English
Stipple Engraving
As
a student in Paris the English engraver
Thomas Wynne Ryland (1733–1783) noted
the new techniques of crayon and pastel
engraving, and much later adapted them
to the process which came to be called
stipple engraving. (Ryland was incidentally
also known for engraving forged bills of
exchange, the cause of his relatively early
death by hanging.)
The
principle lines of the design were first
established by the use of dotted lines
made with a curved graver into an etching
ground (see “Etching”).
The surface of the plate was then worked
on directly, all over, with the same curved
graver in a series of dots and flicks,
and sometimes with the roulette too, to
give broad areas of continuous tone similar
to pastel engraving but vermicular in texture,
rather than the granular lines of crayon
engraving.
Though
stipple engraving is quintessentially English,
it is most identified with the Italian
engraver Francesco Bartolozzi (1727–1815)

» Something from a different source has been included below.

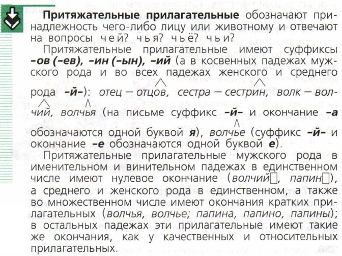 Произнесите слова пастушья, овечья. Какие звуки вы слышите на месте выделенных букв? Обозначает ли в них мягкий знак мягкость согласного или является разделительным? Какая это орфограмма? 349. Обозначьте условия выбора разделительных ъ и ь. Подчеркните притяжательные прилагательные. Вер6люж(?)я колюч(?)ка, пахн..т сырост(?)ю, под(?)езд к павил(?)ону, молоч(?)ный кисель, бул(?)он из шампин(?)онов, пастуш(?)я сумка, маш..т крыл(?)ями, с(?)езжать с круч(?), вет(?)ви ел.., выл(?)ю из кастрюл.., двух(?)ярусный мост, нян(?)чить внуч(?)ку, волч(?)я шкура, пис(?)мо сестрич(?)ке, колос(?)я яч(?)меня, об(?)ят огнём, об(?)яснить смысл п(?)есы, бел(?)ё на верёвк.., об(?)ездной путь, сем(?)я шахтёра, лис(?)ю нору. 350. Спишите, расставляя пропущенные знаки препинания. Над притяжательными прилагательными напишите пр. Укажите их род и падеж. Обозначьте условия выбора разделительного ь. 1. Лисичка сидит да пр..говаривает Мёрзни мёрзни волч.. хвост. 2. Подивился старик лис.. хитрости. 3. Кто там бежит? спрашивает лисица, услышав собач.. лай. 4. Поселилась лиса в заяч.. избёнке а зайчика3 выгнала. 5. Содрал волк баран.. шкуру и ждёт Котофея Ивановича. (Из русских сказок)

who settled in England in 1761 and recognised
the potential of stipple for reproducing
what Arthur Hind described as the “slight
subjects of graceful fancy” (see
below right) typical of his friends the
fellow Italian G.B. Cipriani and the Swiss
Angelica Kauffmann, who both also settled
in London. Bartolozzi took the fashionable
English market by storm, reflected in his
being the only engraver (until 1928!) to
be honoured with full Fellowship of the
newly founded Royal Academy.

Franceso
Bartolozzi (1727–1815): "Young Woman
by a Window".
Stipple engraving with
etching, 1804 , after George Chinnery. (220
x 200 mm)
At
the height of his success he had fifty
pupils in his workshop. Bartolozzi’s
most prominent pupils of the next generation
were Luigi Schiavonetti, Peltro William
Tomkins, Charles Knight, Giovanni Vendramini,
William Bond and Anthony Cardon. They worked
to the designs of artists such as William
Hamilton, William Redmore Bigg, William
Westall, Thomas Stothard and Francis Wheatley.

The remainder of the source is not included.